You are viewing a plain text version of this content. The canonical link for it is here.
Posted to user@flink.apache.org by Noel OConnor <no...@gmail.com> on 2022/09/14 13:22:00 UTC

DataStream and DataStreamSource

Hi,
I'm new to flink and I'm trying to integrate it with apache pulsar.
I've gone through the demos and I get how they work but one aspect
that I can't figure out is what's the difference between a DataStream
and a DataStreamSource.
When would you use one over the other?

cheers
Noel

Re: DataStream and DataStreamSource

Posted by Noel OConnor <no...@gmail.com>.
Awesome, thanks for the info! much appreciated.

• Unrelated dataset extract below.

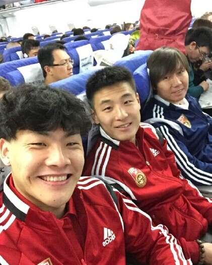 在起飞之前,国足门将王大雷和前锋武磊玩起了自拍,王大雷将这张图片放到了自己的微博中,并且注上文字:拜拜。这张图片中,王大雷咧嘴大笑,笑得十分开心。他旁边的武磊则面露微笑,本土第一射手的笑容和王大雷比起来可谓十分收敛,而最右边的国足体能教练李铁也配合着露出笑脸,这2人的笑容和王大雷比起来都十分“低调”。
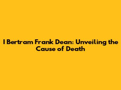I Bertram Frank Dean: Unveiling The Cause Of Death

On Wed, Sep 14, 2022 at 5:04 PM Jing Ge <ji...@ververica.com> wrote:
>
> Hi,
>
> Welcome to the Flink community!
>
> A DataStreamSource is a DataStream. It is normally used as the starting point of a DataStream.  All related methods in StreamExecutionEnvironment that create a DataStream return actually a DataStreamSource, because it is where a DataStream starts.
>
> Commonly, you don't care about DataStreamSource, just use DataStream even if methods in StreamExecutionEnvironment return a DataStreamSource [1]. DataStreamSource created by those methods in StreamExecutionEnvironment will use built-in SourceTranfromation. If you want to modify the configuration of the transformation, you can specifically use the DataStreamSource type(instead of DataStream) which provides some setter methods extended from SingleOutputStreamOperator.
>
> Best regards,
> Jing
>
> [1] https://nightlies.apache.org/flink/flink-docs-master/docs/dev/datastream/overview/
>
> On Wed, Sep 14, 2022 at 3:23 PM Noel OConnor <no...@gmail.com> wrote:
>>
>> Hi,
>> I'm new to flink and I'm trying to integrate it with apache pulsar.
>> I've gone through the demos and I get how they work but one aspect
>> that I can't figure out is what's the difference between a DataStream
>> and a DataStreamSource.
>> When would you use one over the other?
>>
>> cheers
>> Noel

Re: DataStream and DataStreamSource

Posted by Jing Ge <ji...@ververica.com>.
Hi,

Welcome to the Flink community!

A DataStreamSource is a DataStream. It is normally used as the starting
point of a DataStream.  All related methods in StreamExecutionEnvironment
that create a DataStream return actually a DataStreamSource, because it is
where a DataStream starts.

Commonly, you don't care about DataStreamSource, just use DataStream even
if methods in StreamExecutionEnvironment return a DataStreamSource [1].
DataStreamSource created by those methods in StreamExecutionEnvironment
will use built-in SourceTranfromation. If you want to modify the
configuration of the transformation, you can specifically use the
DataStreamSource type(instead of DataStream) which provides some setter
methods extended from SingleOutputStreamOperator.

Best regards,
Jing

[1]
https://nightlies.apache.org/flink/flink-docs-master/docs/dev/datastream/overview/

On Wed, Sep 14, 2022 at 3:23 PM Noel OConnor <no...@gmail.com> wrote:

> Hi,
> I'm new to flink and I'm trying to integrate it with apache pulsar.
> I've gone through the demos and I get how they work but one aspect
> that I can't figure out is what's the difference between a DataStream
> and a DataStreamSource.
> When would you use one over the other?
>
> cheers
> Noel
>